AIM OF THE EXERCISE: The data below should be printed in full, exactly, and without any of its images.

RECORDED INFORMATION:

------------------------------

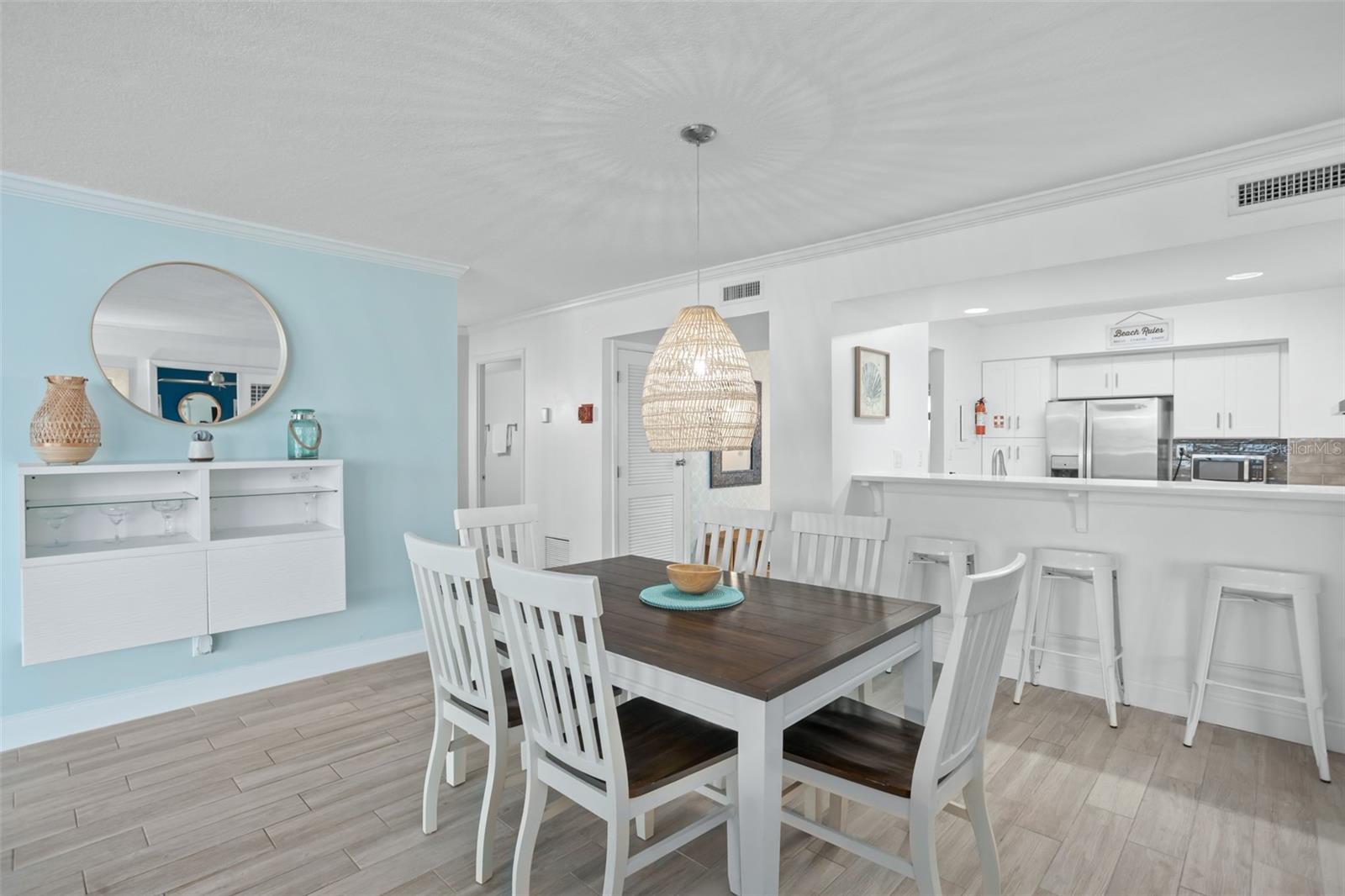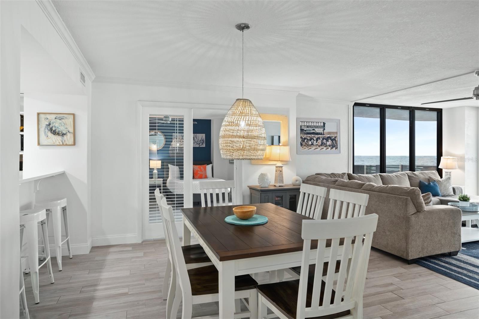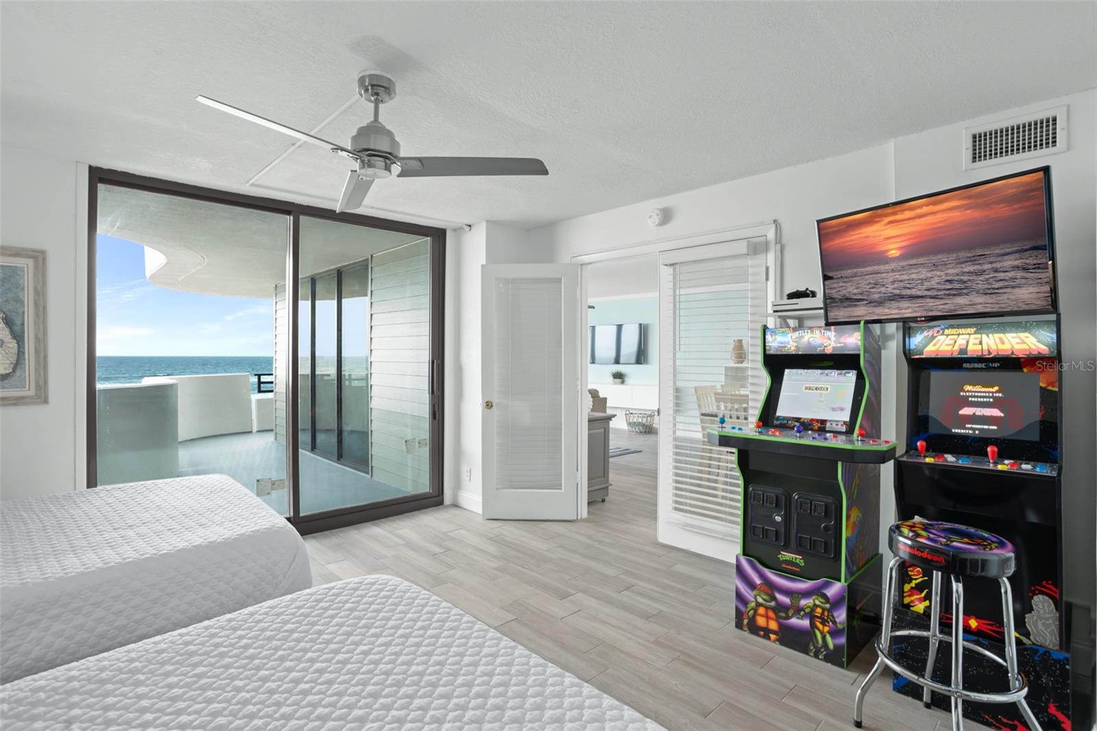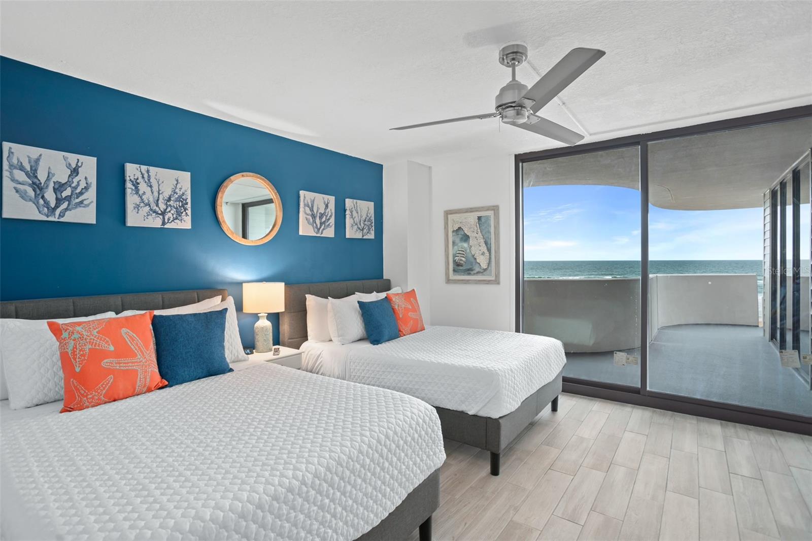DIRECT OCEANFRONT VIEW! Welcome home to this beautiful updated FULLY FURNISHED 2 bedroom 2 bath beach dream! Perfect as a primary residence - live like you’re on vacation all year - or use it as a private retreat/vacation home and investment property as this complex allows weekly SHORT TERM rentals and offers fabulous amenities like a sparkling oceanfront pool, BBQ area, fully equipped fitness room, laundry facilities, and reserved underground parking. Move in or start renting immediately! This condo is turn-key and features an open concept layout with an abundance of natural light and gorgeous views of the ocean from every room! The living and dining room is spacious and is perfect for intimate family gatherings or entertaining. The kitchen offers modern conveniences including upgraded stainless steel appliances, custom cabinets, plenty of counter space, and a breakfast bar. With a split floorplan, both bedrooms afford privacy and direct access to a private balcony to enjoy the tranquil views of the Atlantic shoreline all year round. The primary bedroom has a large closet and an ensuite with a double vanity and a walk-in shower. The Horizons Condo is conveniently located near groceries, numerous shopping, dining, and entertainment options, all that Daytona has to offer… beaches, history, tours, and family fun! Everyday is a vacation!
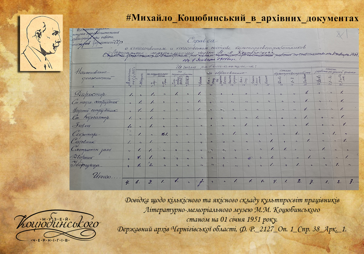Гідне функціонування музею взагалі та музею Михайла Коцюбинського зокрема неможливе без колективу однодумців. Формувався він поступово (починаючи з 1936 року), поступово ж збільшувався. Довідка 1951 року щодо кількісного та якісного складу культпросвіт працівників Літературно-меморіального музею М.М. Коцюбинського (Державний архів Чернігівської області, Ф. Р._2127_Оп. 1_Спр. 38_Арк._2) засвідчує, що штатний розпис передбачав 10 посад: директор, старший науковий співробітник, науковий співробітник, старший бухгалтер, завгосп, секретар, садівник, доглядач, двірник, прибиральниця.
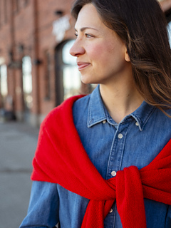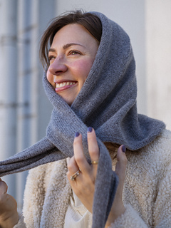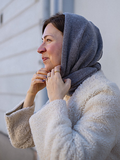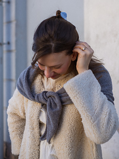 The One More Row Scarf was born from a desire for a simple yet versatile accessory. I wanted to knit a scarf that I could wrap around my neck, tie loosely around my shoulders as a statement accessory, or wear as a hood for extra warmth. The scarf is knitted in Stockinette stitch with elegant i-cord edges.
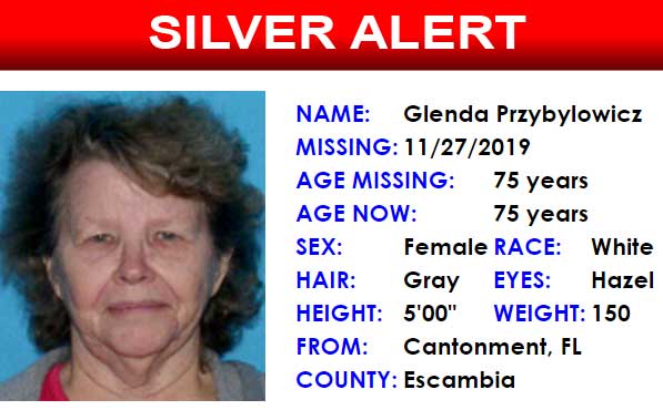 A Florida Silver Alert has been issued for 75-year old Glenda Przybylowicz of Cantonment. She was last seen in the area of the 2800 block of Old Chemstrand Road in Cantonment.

------------------------------

OUTPUT OF THE EXERCISE:
DIRECT OCEANFRONT VIEW! Welcome home to this beautiful updated FULLY FURNISHED 2 bedroom 2 bath beach dream! Perfect as a primary residence - live like you’re on vacation all year - or use it as a private retreat/vacation home and investment property as this complex allows weekly SHORT TERM rentals and offers fabulous amenities like a sparkling oceanfront pool, BBQ area, fully equipped fitness room, laundry facilities, and reserved underground parking. Move in or start renting immediately! This condo is turn-key and features an open concept layout with an abundance of natural light and gorgeous views of the ocean from every room! The living and dining room is spacious and is perfect for intimate family gatherings or entertaining. The kitchen offers modern conveniences including upgraded stainless steel appliances, custom cabinets, plenty of counter space, and a breakfast bar. With a split floorplan, both bedrooms afford privacy and direct access to a private balcony to enjoy the tranquil views of the Atlantic shoreline all year round. The primary bedroom has a large closet and an ensuite with a double vanity and a walk-in shower. The Horizons Condo is conveniently located near groceries, numerous shopping, dining, and entertainment options, all that Daytona has to offer… beaches, history, tours, and family fun! Everyday is a vacation!
Гідне функціонування музею взагалі та музею Михайла Коцюбинського зокрема неможливе без колективу однодумців. Формувався він поступово (починаючи з 1936 року), поступово ж збільшувався. Довідка 1951 року щодо кількісного та якісного складу культпросвіт працівників Літературно-меморіального музею М.М. Коцюбинського (Державний архів Чернігівської області, Ф. Р._2127_Оп. 1_Спр. 38_Арк._2) засвідчує, що штатний розпис передбачав 10 посад: директор, старший науковий співробітник, науковий співробітник, старший бухгалтер, завгосп, секретар, садівник, доглядач, двірник, прибиральниця.
 The One More Row Scarf was born from a desire for a simple yet versatile accessory. I wanted to knit a scarf that I could wrap around my neck, tie loosely around my shoulders as a statement accessory, or wear as a hood for extra warmth. The scarf is knitted in Stockinette stitch with elegant i-cord edges.
 A Florida Silver Alert has been issued for 75-year old Glenda Przybylowicz of Cantonment. She was last seen in the area of the 2800 block of Old Chemstrand Road in Cantonment.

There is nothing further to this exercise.